Well, nothing does not exist, but whatever...

I would like to end this post with a cautionary note. The above analysis of the logical impossibility of nothingness turns on a great many questions, such as: what exactly is reference? when do we call something an object? wherein does truth consist? what are truthbearers? what is the ontological status of facts? These are issues about which philosophers of language, logic and knowledge have argued and continue to argue endlessly. In other words: there are many different ways to answer these questions. Hence there are also many different ways in which the logical status of "-∃x(Ex)" might be judged. Nevertheless, I think the above conclusion concerning the objectivity of the contradiction inherent  in "-∃x(Ex)" is pretty straightforward and commonsensical. Basically it turns on two presuppositions which are not easily put aside. The first is that truth supervenes one being, so that if a statement is true it is true by virtue of some objective feature of reality. The second is that truth (if not the truthbearer then at least the truthmaker) is independent of the thinking subject, hence that absolute idealism is false. Together these assumptions imply that if "-∃x(Ex)" is true, then there is an objective reality which makes it true. And this is basically all we need to show the objectivity of the contradiction involved.
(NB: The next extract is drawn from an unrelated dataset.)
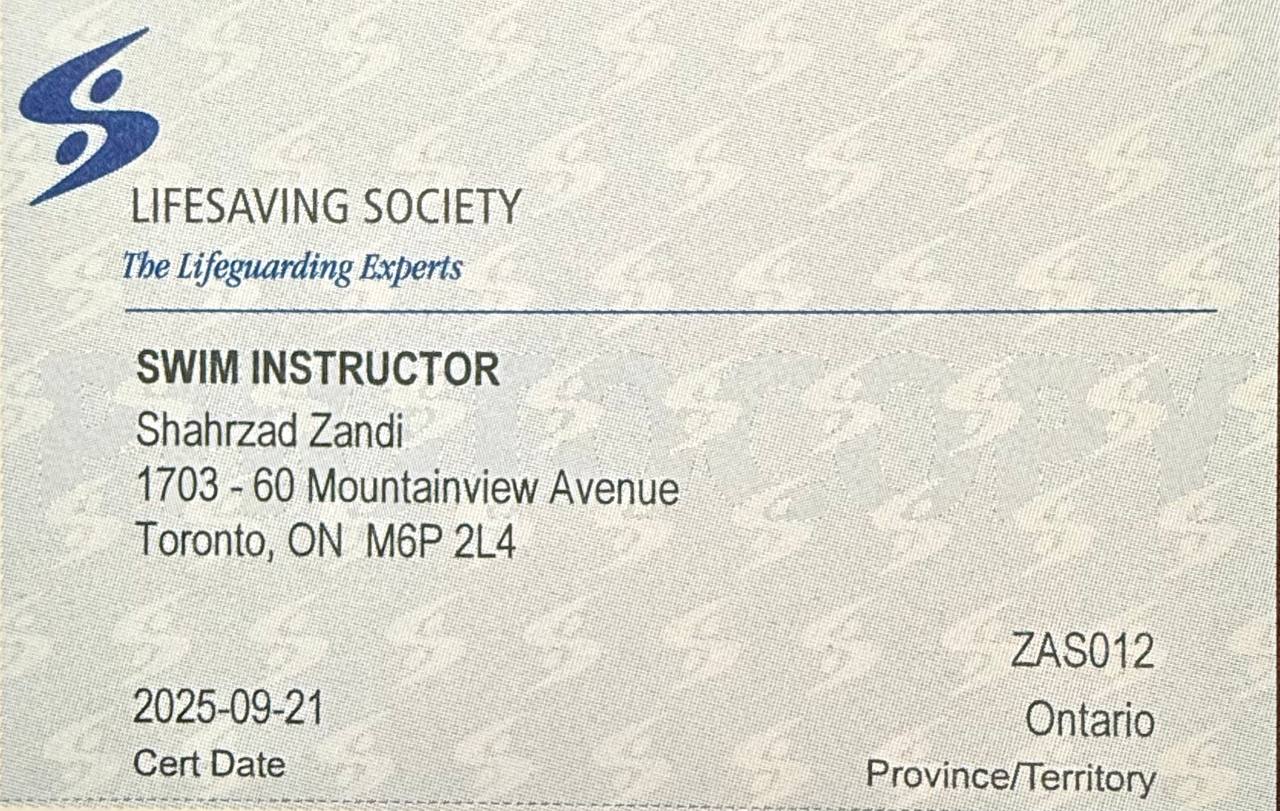 Shahrzad Zandi is a dedicated adult swim coach with years of hands-on experience helping swimmers of all levels, from complete beginners to advanced athletes. Certified in both adult swim instruction and aquatic therapy, Shahrzad brings a unique combination of technical expertise and compassionate guidance to every lesson.

* With the exception, of course, of subjective facts, i.e. facts concerning conscious experience, like the fact that I feel pain or that I see redness. Such subjective facts are obviously observer-dependent. But clearly we are not talking about subjective facts here. In particular, "-∃x(Ex)" cannot assert a subjective fact since by definition there is no consciousness to perceive it.

References:
-Badiou, Alain (2005), Being and Event. New York: Continuum.
-Carnap, Rudolf (1959 [1931]), "The Elimination of Metaphysics Through Logical Analysis of Language", in: A. J. Ayer (ed.), Logical Positivism. Glencoe, The Free Press, pp. 60-81.
-Jackson, Frank (2000), From Metaphysics to Ethics. Oxford University Press.
-James, William (1911), Some Problems of Philosophy: A Beginning of an Introduction to Philosophy. Longmans, Green, and Co., New York.
-Lewis, David (1999), Papers in Metaphysics and Epistemology. Cambridge University Press.
-Nozick, Robert (1981), Philosophical Explanations. Belknap Press, Cambridge Mass.